The detection sequence after re-id. If the solver did not converge to a feasible solution, returns the input detection sequence.

class tno.quantum.problems.mot.FrameDets[source]

Bases: object

Class containing all detections in one frame.

frame_number

Frame number.

conf

Confidence scores of the detections.

cls

Classes of the detections.

xywh

Box coordinates with shape (n_boxes, 4) using xywh format (coord of center, width, height).

xyxy

Box coordinates with shape (n_boxes, 4) using xyxy format (top left, bottom right).

ids

Ids associated with the box.

size

Number of detections in the frame.

__init__()[source]

Initializes the FrameDets instance with default values.

classmethod from_dataframe(detections)[source]

Creates an instance of the class from a pandas DataFrame.

Parameters:

detections (DataFrame) –

A DataFrame containing detections. The columns should be structured as follows:

  • 0: Frame number

  • 1: Detection ID (not used in this implementation)

  • 2: x center of the bounding box

  • 3: y center of the bounding box

  • 4: Width of the bounding box

  • 5: Height of the bounding box

  • 6: Confidence score of the detection

Return type:

FrameDets

Returns:

An instance of FrameDets with detections for a single frame.

classmethod from_dict(framedets_dict)[source]

Creates an instance of the class from a dictionary.

Parameters:

framedets_dict (dict[str, int]) – A dictionary with one key per FrameDets attribute.

Return type:

FrameDets

Returns:

An instance of FrameDets with detections for a single frame.

classmethod from_ultralytics_tracker(tracks)[source]

Creates an instance of the class from the output of the ultralytics tracker.

Parameters:

tracks (ndarray[tuple[Any, ...], dtype[float64]]) –

An array of shape (n_tracks, 6) where each row contains:

  • x1: x coordinate of the top-left corner

  • y1: y coordinate of the top-left corner

  • x2: x coordinate of the bottom-right corner

  • y2: y coordinate of the bottom-right corner

  • id: Detection ID

  • conf: Confidence score

Return type:

FrameDets

Returns:

An instance of FrameDets with detections for a single frame.

tno.quantum.problems.mot.calculate_cost(det_sequence)[source]

Calculates the cost array of a detection sequence.

The cost array is computed based on the Intersection over Union (IoU) between bounding boxes in consecutive frames of a detection sequence.

Parameters:

det_sequence (DetectionSequence) – A sequence of detections (FrameDets) for each frame, where each FrameDets contains bounding boxes in the format xyxy.

Return type:

ndarray[tuple[Any, ...], dtype[float64]]

Returns:

The cost values computed between all pairs of bounding boxes in consecutive frames, flattened into a 1D array.

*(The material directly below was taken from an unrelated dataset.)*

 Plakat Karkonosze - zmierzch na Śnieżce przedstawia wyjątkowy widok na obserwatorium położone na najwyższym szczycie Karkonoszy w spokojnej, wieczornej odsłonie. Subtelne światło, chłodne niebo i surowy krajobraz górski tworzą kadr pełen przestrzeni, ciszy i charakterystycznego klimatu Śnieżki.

tno.quantum.problems.mot.compute_iou(box1, box2)[source]

Computes the Intersection over Union (IoU) between two bounding boxes.

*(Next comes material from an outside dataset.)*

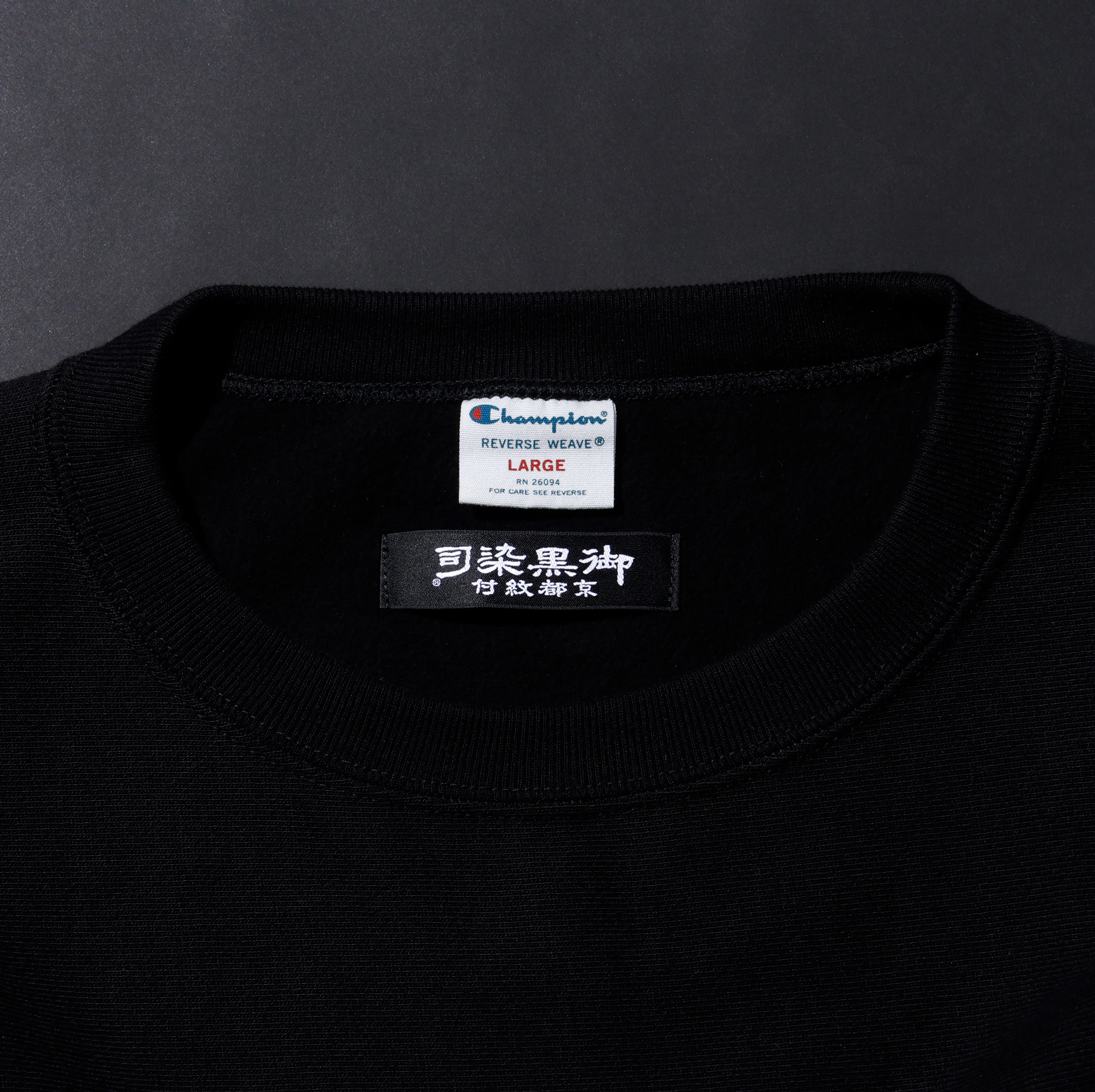 日本の伝統的な正装である黒紋付の「黒染」だけを、100年以上にわたり追求してきた京都紋付による「深黒(しんくろ)加工」を施した直営店限定アイテムが、チャンピオンを代表する製法「REVERSE WEAVE®(リバースウィーブ®)」の“三者混”と呼ばれるコットン・レーヨン・ポリエステルの混紡糸を使用した「REVERSE WEAVE® Tri Blend French Terry(リバースウィーブ® トライブレンドフレンチテリー)」から登場。

The bounding boxes are represented in the format [x, y, x, y], with the first x, y being the bottom-left corner coordinates and the second pair being the top-right corner coordinates. The IoU value is a number between 0 and 1, where 0 means no overlap and 1 means complete overlap.

Parameters:
  • box1 (Sequence[float]) – The first bounding box in the format [x, y, x, y].

  • box2 (Sequence[float]) – The second bounding box in the format [x, y, x, y].

Return type:

float

Returns:

The IoU value between the two bounding boxes.

tno.quantum.problems.mot.ultralytics_track(det_sequence, tracker)[source]

Runs the ultralytics tracking algorithm on the already extracted detections.

Parameters:
  • det_sequence (DetectionSequence) – sequence of detections per frame.

  • tracker (BYTETracker) – tracker object.

Return type:

DetectionSequence

Returns:

An updated DetectionSequence with id’s.